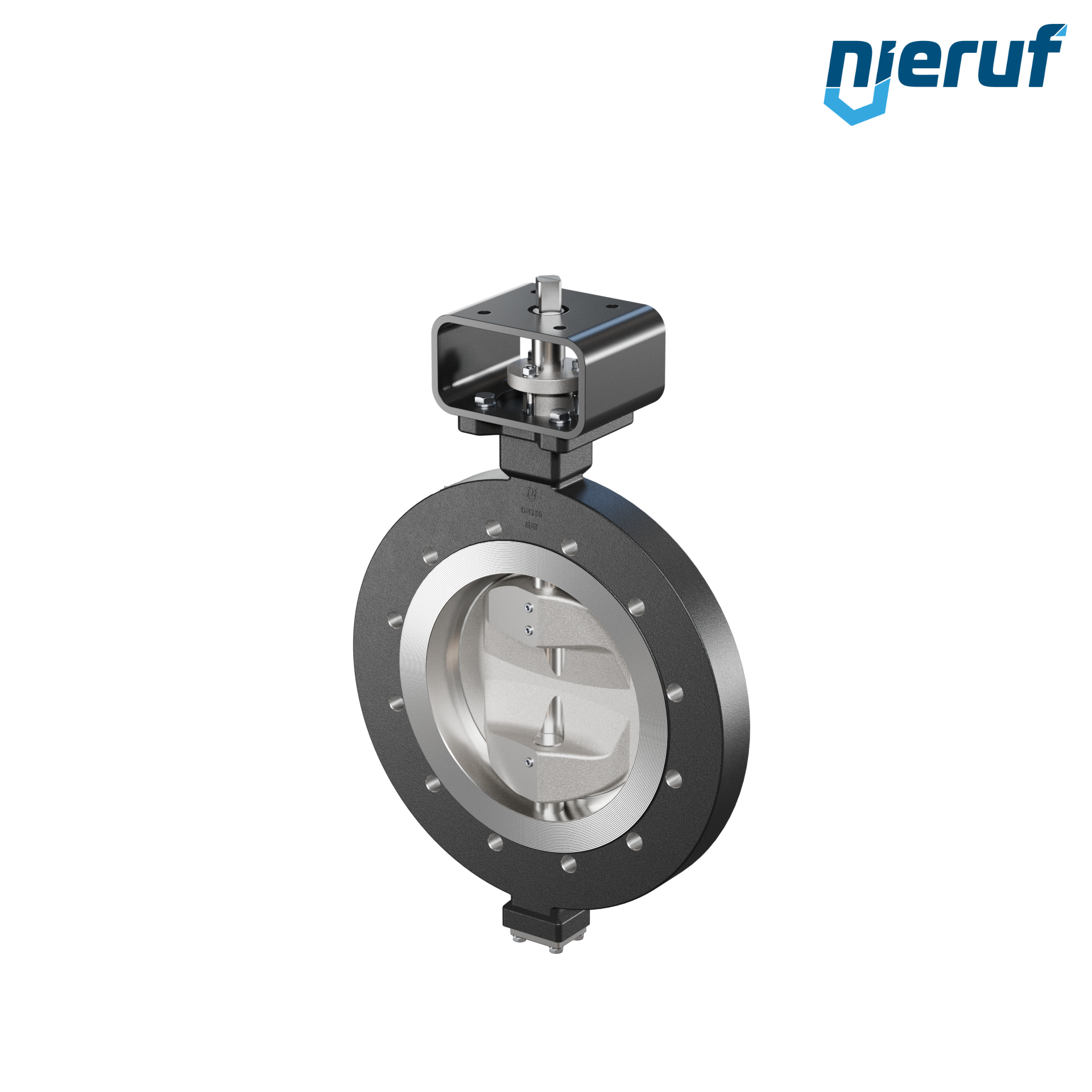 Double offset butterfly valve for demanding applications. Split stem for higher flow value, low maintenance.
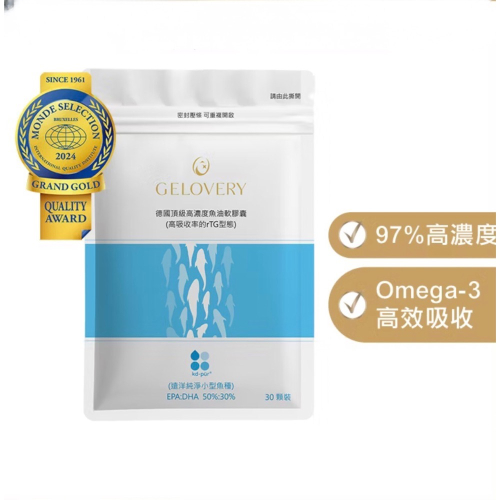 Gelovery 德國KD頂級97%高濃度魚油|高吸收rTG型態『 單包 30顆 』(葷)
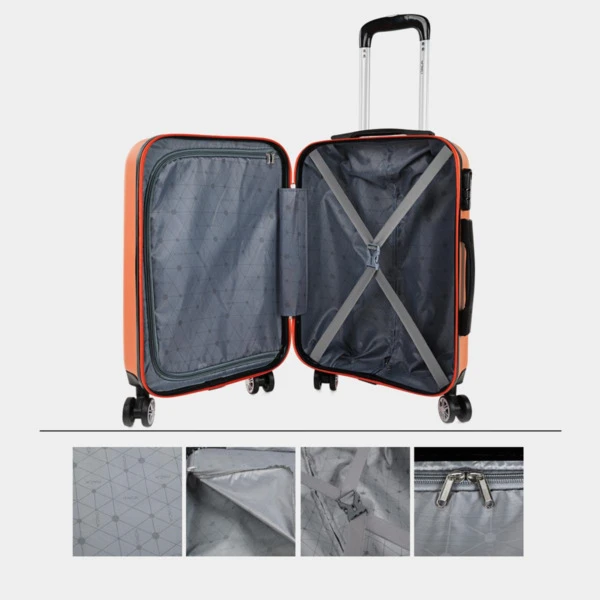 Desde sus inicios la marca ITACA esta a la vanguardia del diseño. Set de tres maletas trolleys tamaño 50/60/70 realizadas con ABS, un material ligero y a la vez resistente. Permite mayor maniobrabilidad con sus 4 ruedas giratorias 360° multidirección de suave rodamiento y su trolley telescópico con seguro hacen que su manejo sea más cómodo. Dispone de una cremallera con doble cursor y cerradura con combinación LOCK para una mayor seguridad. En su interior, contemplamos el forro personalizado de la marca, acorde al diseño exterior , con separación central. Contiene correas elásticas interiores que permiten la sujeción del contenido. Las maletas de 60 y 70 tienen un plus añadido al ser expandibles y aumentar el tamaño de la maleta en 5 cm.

━━━━━━

*Exercise objective*.
Give back exactly the run of lines that opens the material above and ends at the line with "Gelovery 德國KD頂級97%高濃度魚油|高吸收rTG型態『 單包". Omit the pictures.

*Task response*.
 Double offset butterfly valve for demanding applications. Split stem for higher flow value, low maintenance.
 Gelovery 德國KD頂級97%高濃度魚油|高吸收rTG型態『 單包 30顆 』(葷)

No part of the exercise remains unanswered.